Exercise instructions:
Leave out the pictures and output exactly the lines below from the one with "Victoria Empress, Silver" down to the one with "Thống kê phong", both of them included.

Provided records:
=-=-=

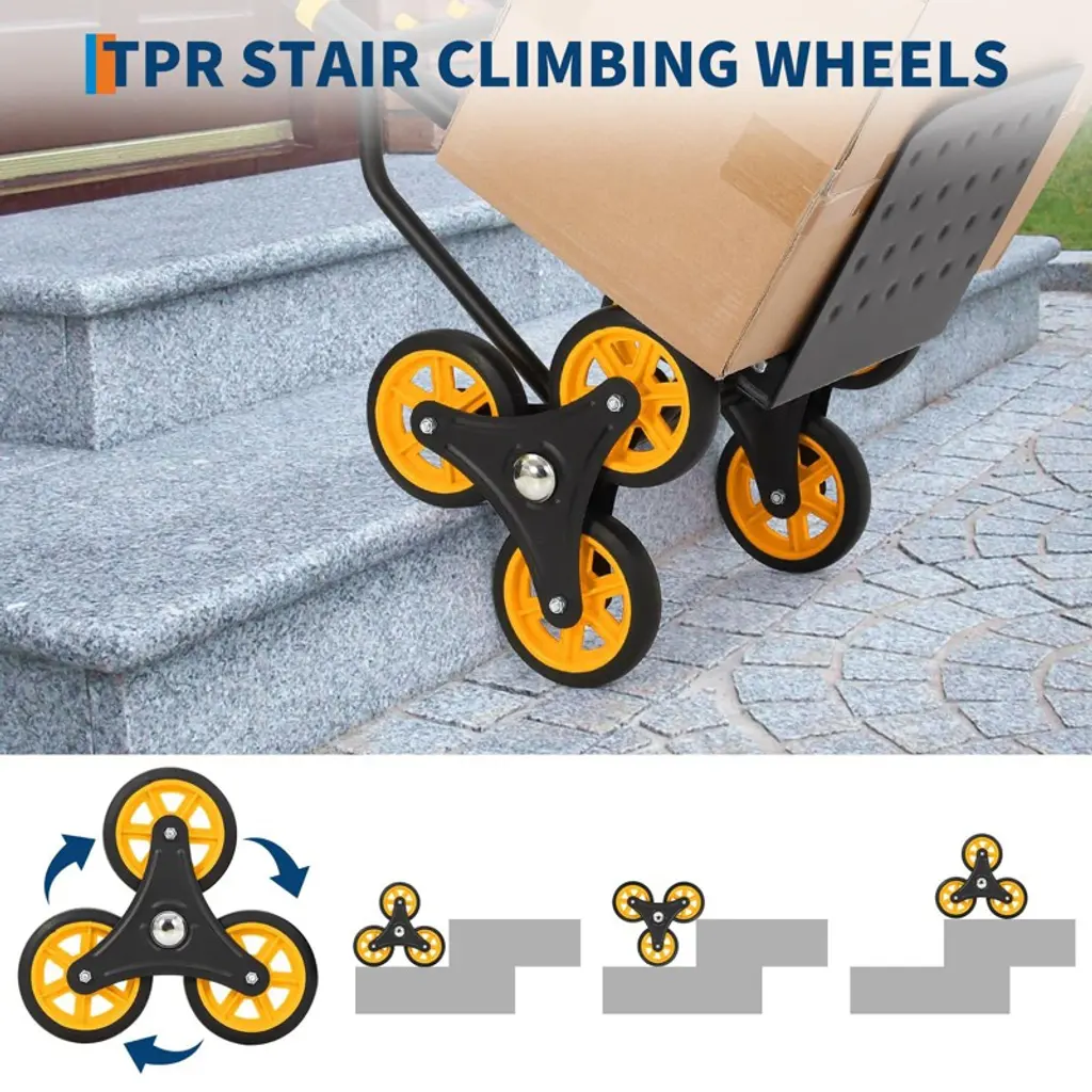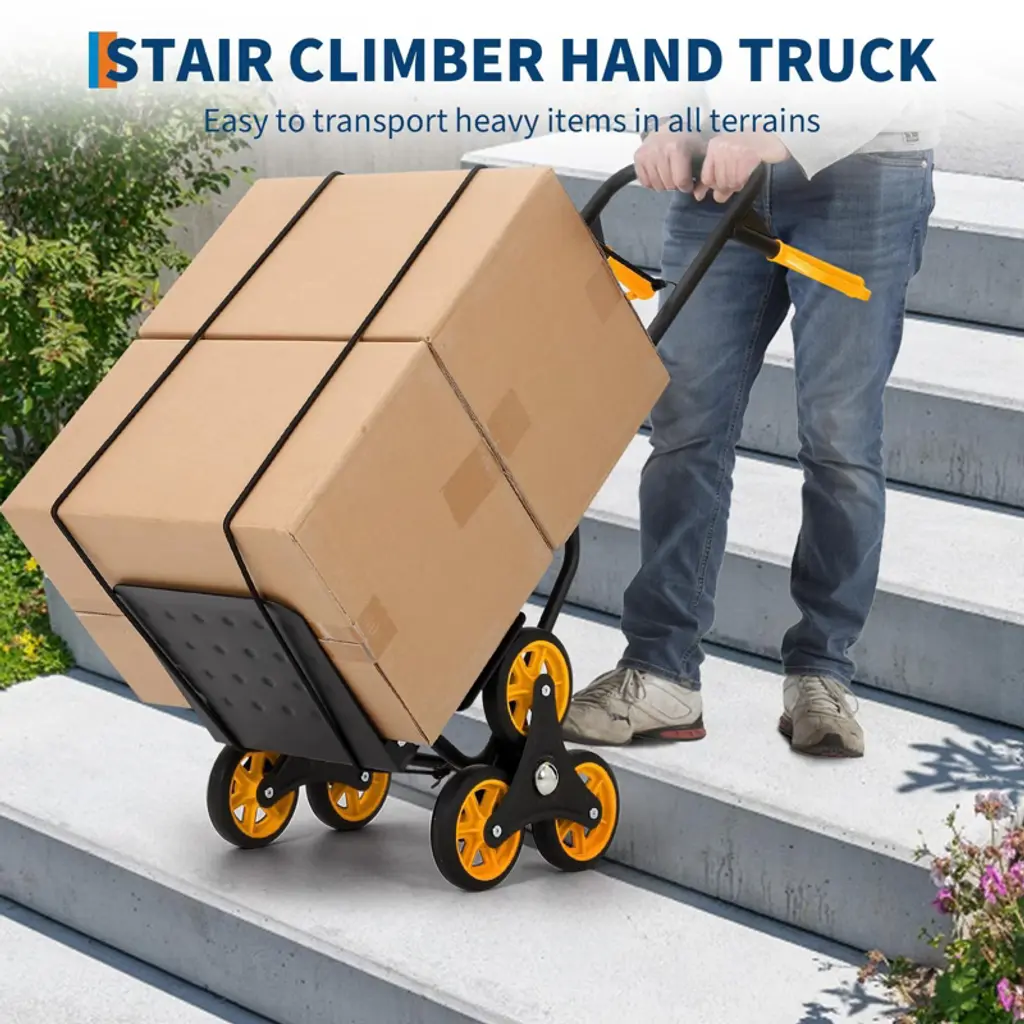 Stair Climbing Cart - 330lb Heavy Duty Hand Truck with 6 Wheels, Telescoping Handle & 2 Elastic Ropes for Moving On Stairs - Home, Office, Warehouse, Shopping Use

=-=-=

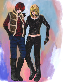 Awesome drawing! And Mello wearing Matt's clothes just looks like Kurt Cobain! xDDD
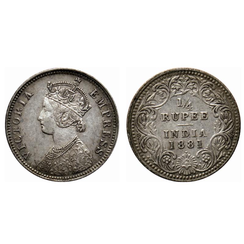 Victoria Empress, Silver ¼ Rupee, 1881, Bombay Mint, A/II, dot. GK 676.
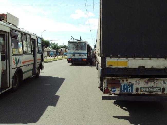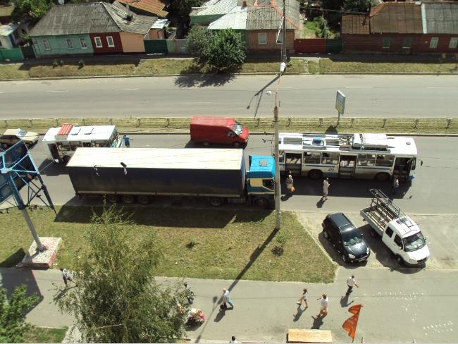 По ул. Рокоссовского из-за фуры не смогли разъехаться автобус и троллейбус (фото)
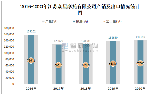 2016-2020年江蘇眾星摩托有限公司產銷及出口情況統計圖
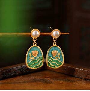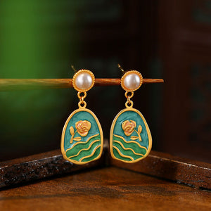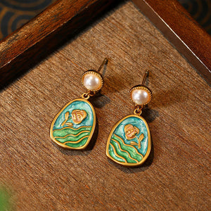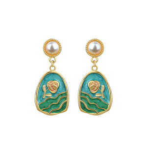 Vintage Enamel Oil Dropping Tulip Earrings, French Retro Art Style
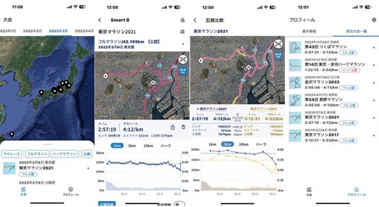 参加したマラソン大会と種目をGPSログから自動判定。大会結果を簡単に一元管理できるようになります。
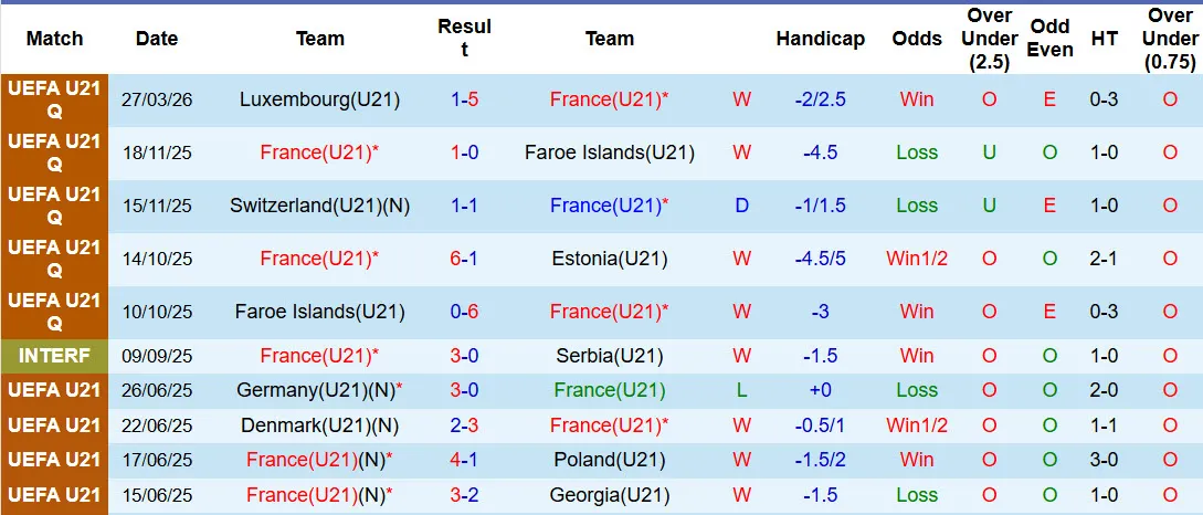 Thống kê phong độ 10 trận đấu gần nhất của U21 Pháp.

=-=-=

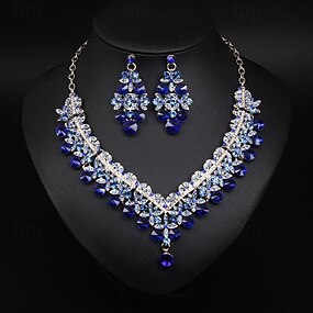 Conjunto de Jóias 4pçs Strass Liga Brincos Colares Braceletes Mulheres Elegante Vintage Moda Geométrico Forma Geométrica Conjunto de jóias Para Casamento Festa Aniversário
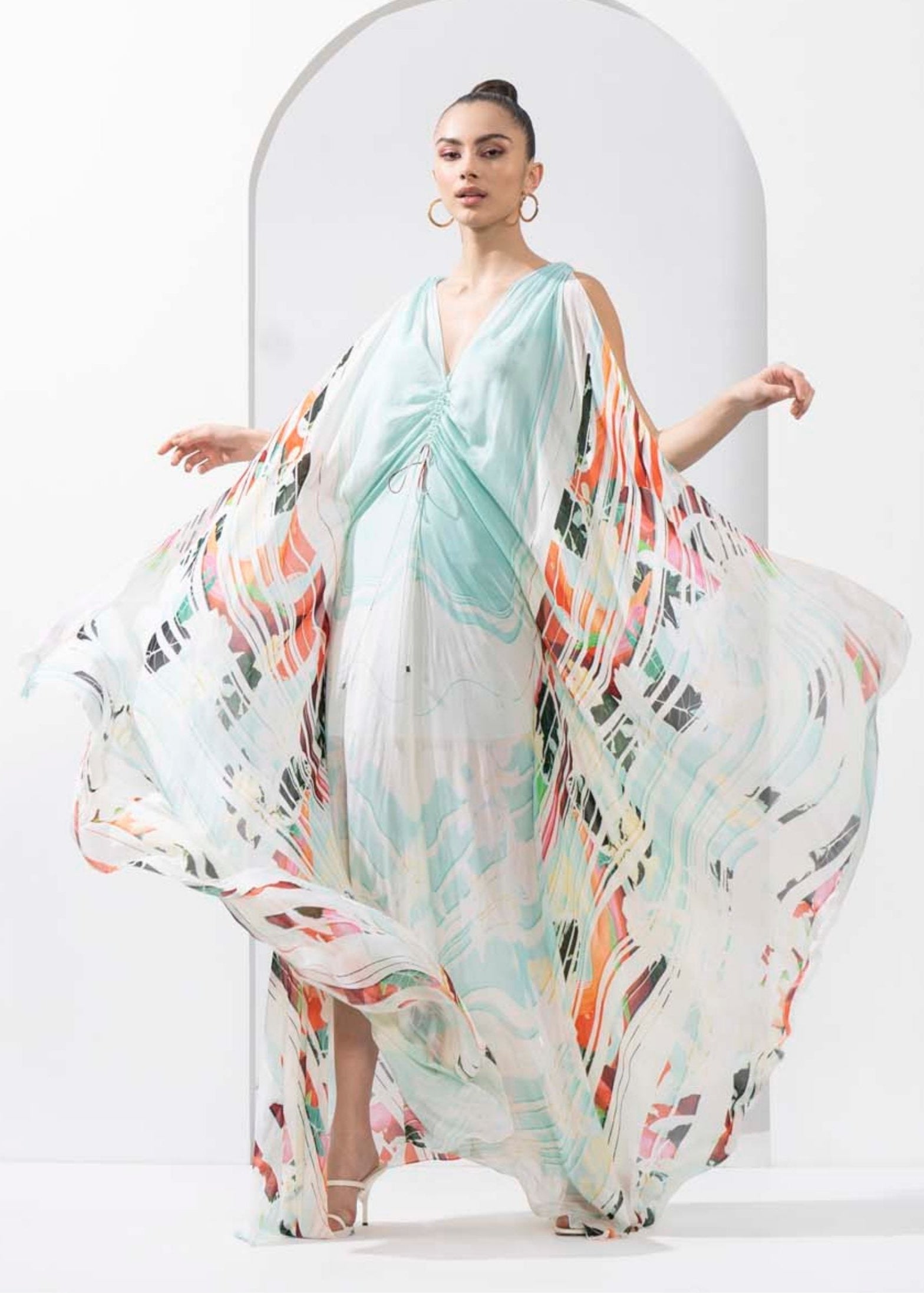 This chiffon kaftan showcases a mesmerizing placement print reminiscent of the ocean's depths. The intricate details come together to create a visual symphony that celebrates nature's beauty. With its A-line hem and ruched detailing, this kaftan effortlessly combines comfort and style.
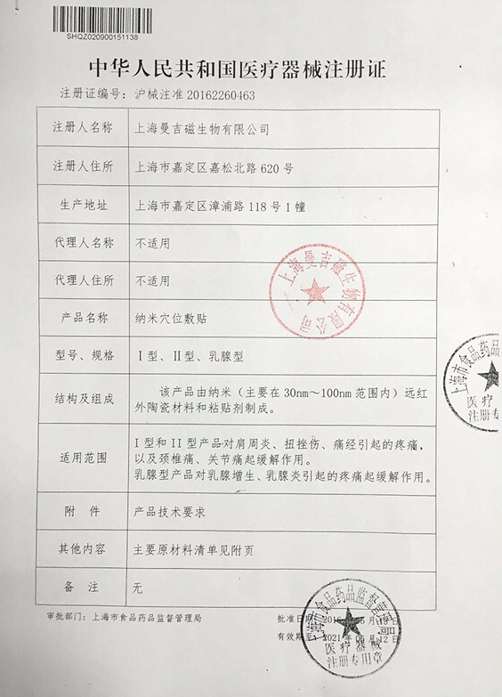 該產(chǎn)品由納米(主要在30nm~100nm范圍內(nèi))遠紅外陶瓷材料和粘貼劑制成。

=-=-=

Output of the task:
 Victoria Empress, Silver ¼ Rupee, 1881, Bombay Mint, A/II, dot. GK 676.
 По ул. Рокоссовского из-за фуры не смогли разъехаться автобус и троллейбус (фото)
 2016-2020年江蘇眾星摩托有限公司產銷及出口情況統計圖
 Vintage Enamel Oil Dropping Tulip Earrings, French Retro Art Style
 参加したマラソン大会と種目をGPSログから自動判定。大会結果を簡単に一元管理できるようになります。
 Thống kê phong độ 10 trận đấu gần nhất của U21 Pháp.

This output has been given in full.